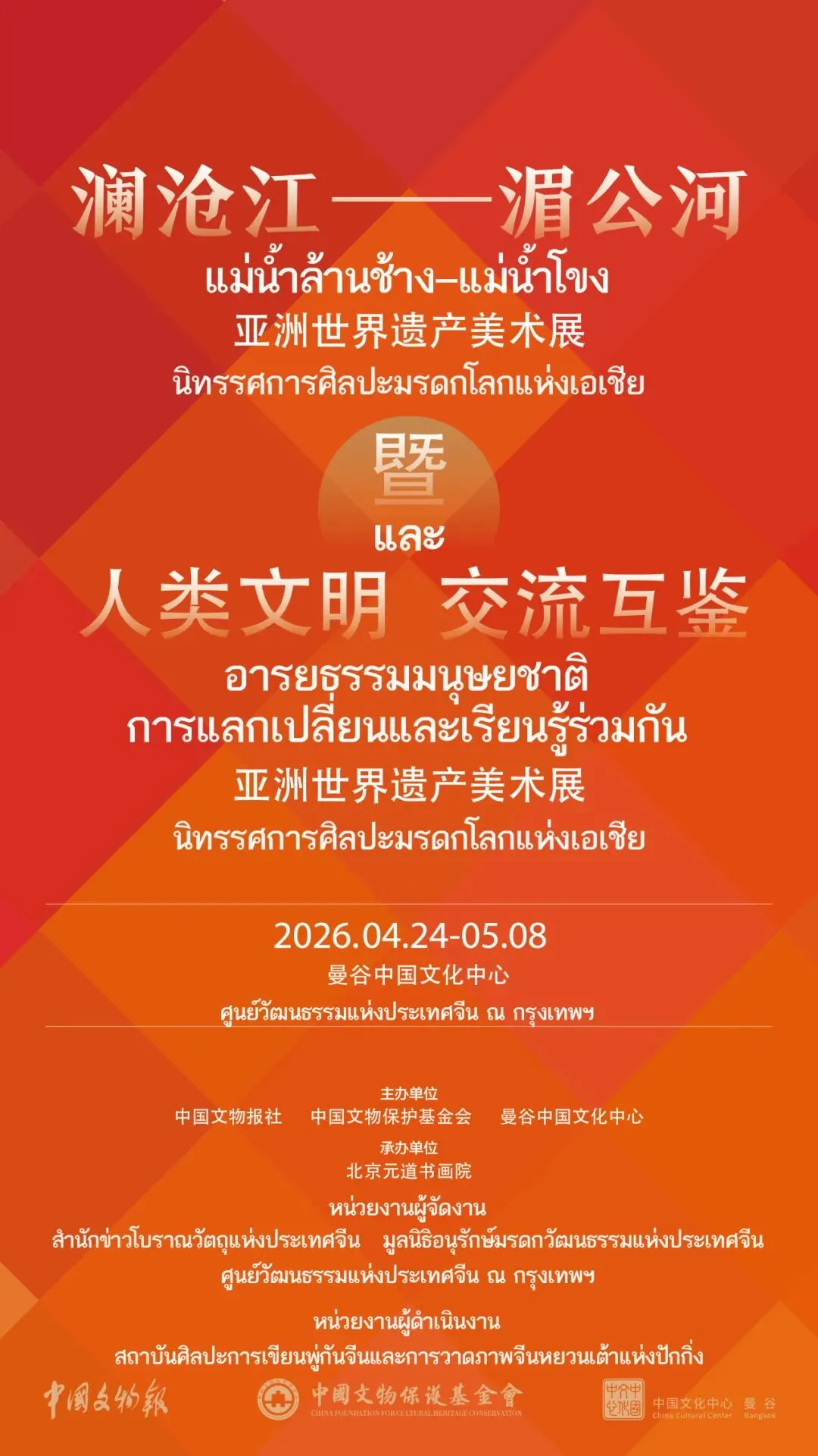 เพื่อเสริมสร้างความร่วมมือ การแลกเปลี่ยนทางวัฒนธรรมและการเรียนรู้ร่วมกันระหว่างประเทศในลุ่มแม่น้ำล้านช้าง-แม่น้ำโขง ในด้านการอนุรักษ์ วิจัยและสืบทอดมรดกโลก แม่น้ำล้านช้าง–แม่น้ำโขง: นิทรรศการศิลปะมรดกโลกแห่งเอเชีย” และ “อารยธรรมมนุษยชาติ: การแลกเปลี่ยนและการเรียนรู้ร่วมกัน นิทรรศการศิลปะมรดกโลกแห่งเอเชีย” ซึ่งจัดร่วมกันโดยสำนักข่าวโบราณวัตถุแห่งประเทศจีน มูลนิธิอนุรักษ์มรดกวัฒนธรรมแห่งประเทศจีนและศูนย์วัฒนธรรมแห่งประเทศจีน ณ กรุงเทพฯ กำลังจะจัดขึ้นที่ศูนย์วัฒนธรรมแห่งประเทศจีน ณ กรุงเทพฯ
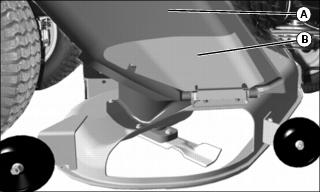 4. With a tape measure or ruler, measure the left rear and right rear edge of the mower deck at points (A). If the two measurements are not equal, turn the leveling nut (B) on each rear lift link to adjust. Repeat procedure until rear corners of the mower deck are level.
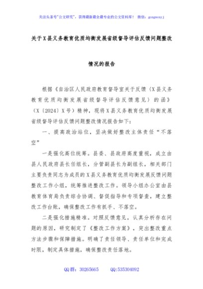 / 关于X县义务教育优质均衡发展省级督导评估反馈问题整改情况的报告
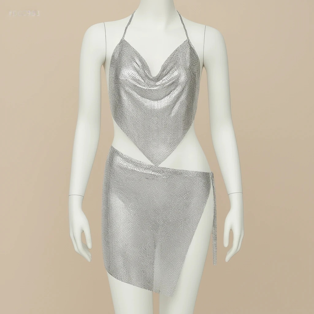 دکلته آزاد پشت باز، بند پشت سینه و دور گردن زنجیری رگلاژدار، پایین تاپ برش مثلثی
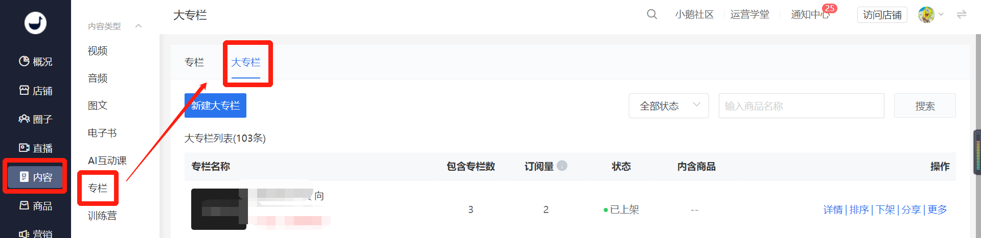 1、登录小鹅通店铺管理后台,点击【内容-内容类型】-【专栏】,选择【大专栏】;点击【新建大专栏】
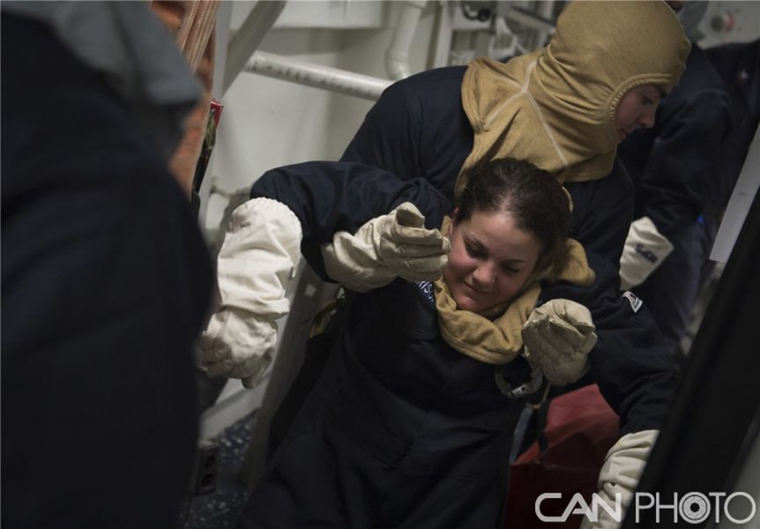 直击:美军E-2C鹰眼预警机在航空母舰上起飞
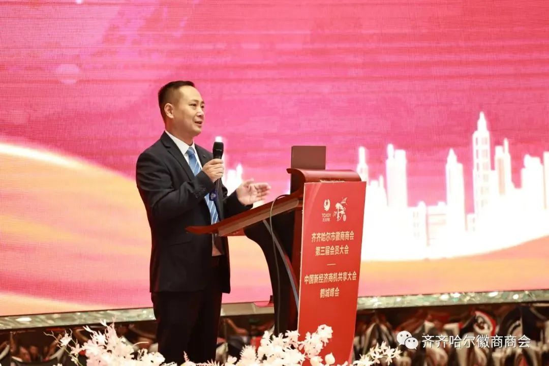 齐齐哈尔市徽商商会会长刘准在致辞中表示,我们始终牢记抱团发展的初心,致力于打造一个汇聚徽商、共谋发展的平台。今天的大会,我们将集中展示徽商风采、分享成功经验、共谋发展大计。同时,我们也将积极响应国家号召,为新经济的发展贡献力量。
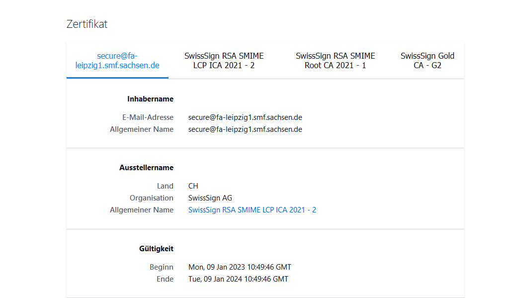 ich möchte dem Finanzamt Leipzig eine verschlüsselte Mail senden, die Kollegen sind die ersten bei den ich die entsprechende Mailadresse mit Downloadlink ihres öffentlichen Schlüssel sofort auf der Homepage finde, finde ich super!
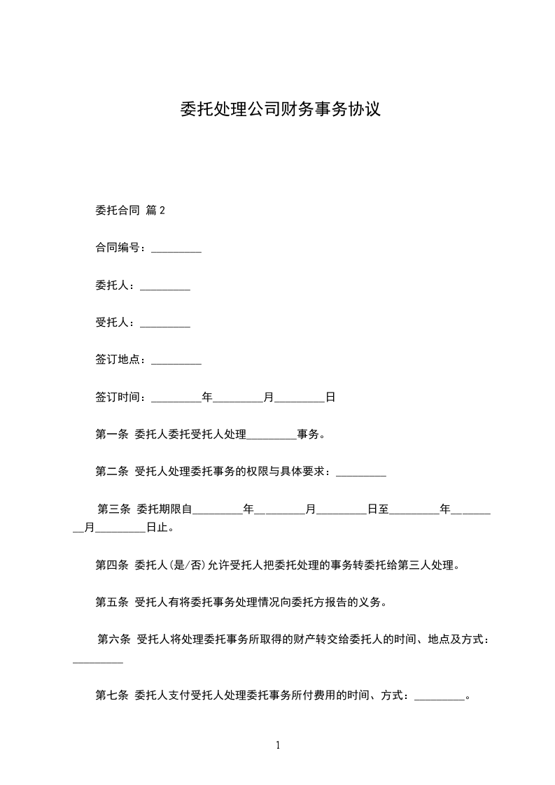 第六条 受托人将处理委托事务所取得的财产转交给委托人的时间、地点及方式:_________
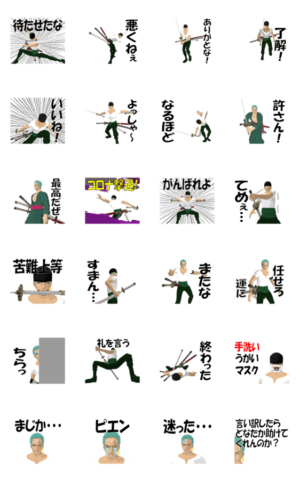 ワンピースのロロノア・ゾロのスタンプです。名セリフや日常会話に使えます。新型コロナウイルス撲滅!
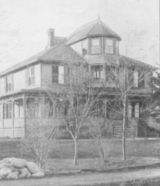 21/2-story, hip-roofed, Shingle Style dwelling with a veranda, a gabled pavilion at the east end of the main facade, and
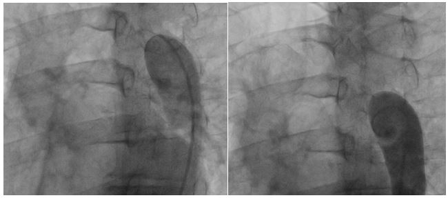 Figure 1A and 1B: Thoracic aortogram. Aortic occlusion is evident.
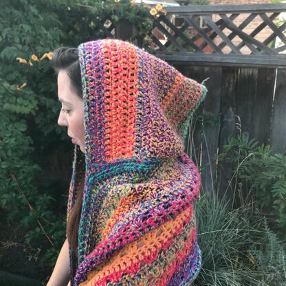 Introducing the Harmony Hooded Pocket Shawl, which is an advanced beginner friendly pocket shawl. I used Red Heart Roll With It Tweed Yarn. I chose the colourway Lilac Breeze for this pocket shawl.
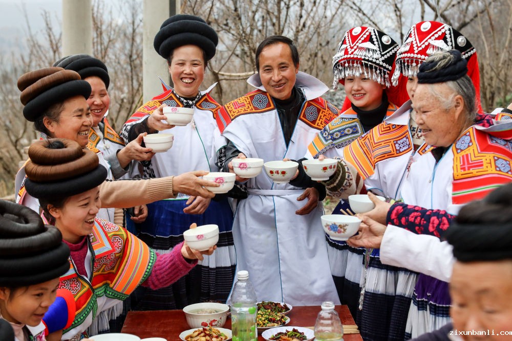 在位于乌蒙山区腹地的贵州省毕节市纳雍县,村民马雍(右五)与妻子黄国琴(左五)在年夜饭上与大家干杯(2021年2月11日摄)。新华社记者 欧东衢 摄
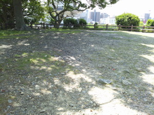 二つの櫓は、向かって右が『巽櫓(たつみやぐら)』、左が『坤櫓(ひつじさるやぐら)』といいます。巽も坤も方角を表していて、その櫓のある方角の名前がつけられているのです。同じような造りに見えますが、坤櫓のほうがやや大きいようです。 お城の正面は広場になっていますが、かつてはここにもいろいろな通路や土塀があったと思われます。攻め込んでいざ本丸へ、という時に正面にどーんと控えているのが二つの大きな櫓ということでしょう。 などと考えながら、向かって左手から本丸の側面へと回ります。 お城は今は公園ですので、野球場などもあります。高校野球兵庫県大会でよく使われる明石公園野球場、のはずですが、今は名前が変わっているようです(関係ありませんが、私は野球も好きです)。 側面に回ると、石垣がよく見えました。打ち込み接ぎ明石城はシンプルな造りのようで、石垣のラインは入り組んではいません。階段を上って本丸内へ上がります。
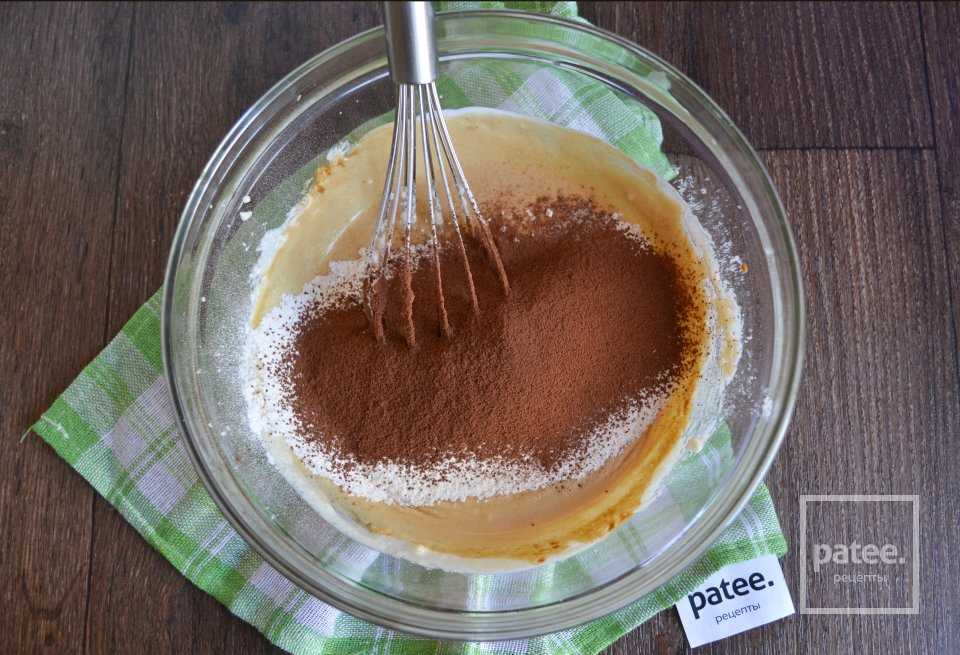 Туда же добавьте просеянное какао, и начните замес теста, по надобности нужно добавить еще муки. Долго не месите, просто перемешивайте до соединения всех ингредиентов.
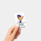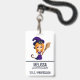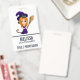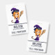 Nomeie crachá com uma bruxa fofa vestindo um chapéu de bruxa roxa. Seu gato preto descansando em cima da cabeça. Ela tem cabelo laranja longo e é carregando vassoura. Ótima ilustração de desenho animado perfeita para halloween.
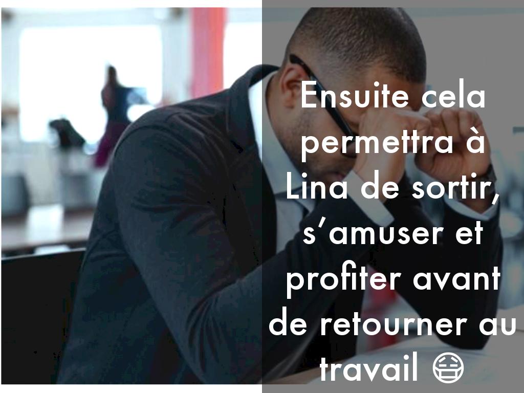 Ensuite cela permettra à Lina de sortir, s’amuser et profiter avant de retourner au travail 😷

- [What is being asked]:
With the pictures removed from your copy, retype the lines above from the one that contains "ich möchte dem" through the one that contains "Introducing the Harmony", exactly.

- [Result below]:
 ich möchte dem Finanzamt Leipzig eine verschlüsselte Mail senden, die Kollegen sind die ersten bei den ich die entsprechende Mailadresse mit Downloadlink ihres öffentlichen Schlüssel sofort auf der Homepage finde, finde ich super!
 第六条 受托人将处理委托事务所取得的财产转交给委托人的时间、地点及方式:_________
 ワンピースのロロノア・ゾロのスタンプです。名セリフや日常会話に使えます。新型コロナウイルス撲滅!
 21/2-story, hip-roofed, Shingle Style dwelling with a veranda, a gabled pavilion at the east end of the main facade, and
 Figure 1A and 1B: Thoracic aortogram. Aortic occlusion is evident.
 Introducing the Harmony Hooded Pocket Shawl, which is an advanced beginner friendly pocket shawl. I used Red Heart Roll With It Tweed Yarn. I chose the colourway Lilac Breeze for this pocket shawl.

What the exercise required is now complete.